Shirley Hufstedler was a tiny woman, but in every other way she was a giant—intellectually, legally, morally. She was a feminist legal pioneer. One of only two female graduates of the Stanford Law School Class of 1949, she became in 1961 the only woman among 120 California state trial judges and in 1966 became one of two women on the California Courts of Appeal. When she was appointed to the Ninth Circuit in 1968, she became the only female federal appellate judge in the nation and only the second woman ever to serve as a federal appellate judge. In 1979 she was appointed by President Carter to be the first Secretary of Education. It’s fitting that her hobby was trekking in the Himalayas.

Judge Hufstedler was one of the most respected and cerebral federal judges.

Simply put, I revered her.

It’s not quite accurate to say that she was a role model to me, because she was so talented, so capable, so energetic and hardworking that it was hard to imagine oneself ever measuring up. She once told me that she went back to work two weeks after her son Steven was born. Knowing how hard and what long hours she worked, I asked how she had balanced a demanding job with having a young child. She replied matter-of-factly, and not jokingly, “I just slept less.” I had no doubt that was her solution, but it did make it difficult to imagine that I could follow in her footsteps.
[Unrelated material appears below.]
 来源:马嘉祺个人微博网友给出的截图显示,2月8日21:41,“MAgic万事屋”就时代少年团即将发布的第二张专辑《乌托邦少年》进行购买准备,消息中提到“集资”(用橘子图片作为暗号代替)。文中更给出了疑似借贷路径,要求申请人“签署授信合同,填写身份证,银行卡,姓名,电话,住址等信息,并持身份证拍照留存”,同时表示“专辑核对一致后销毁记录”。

Sometimes I wondered whether she really needed law clerks, or if having clerks was just another form of public service, allowing her to mentor and train young lawyers. Unlike every other Ninth Circuit judge at the time, she never had her clerks write bench memos; she read all the briefs herself anyway and was faster and better at analyzing the issues than her recent-graduate clerks would have been. We were assigned to cases only after oral argument, when opinion drafting began. Rather than our preparing her for oral argument through bench memos, the judge alerted us when we should be sure to attend oral argument to watch exceptionally good advocates argue important cases.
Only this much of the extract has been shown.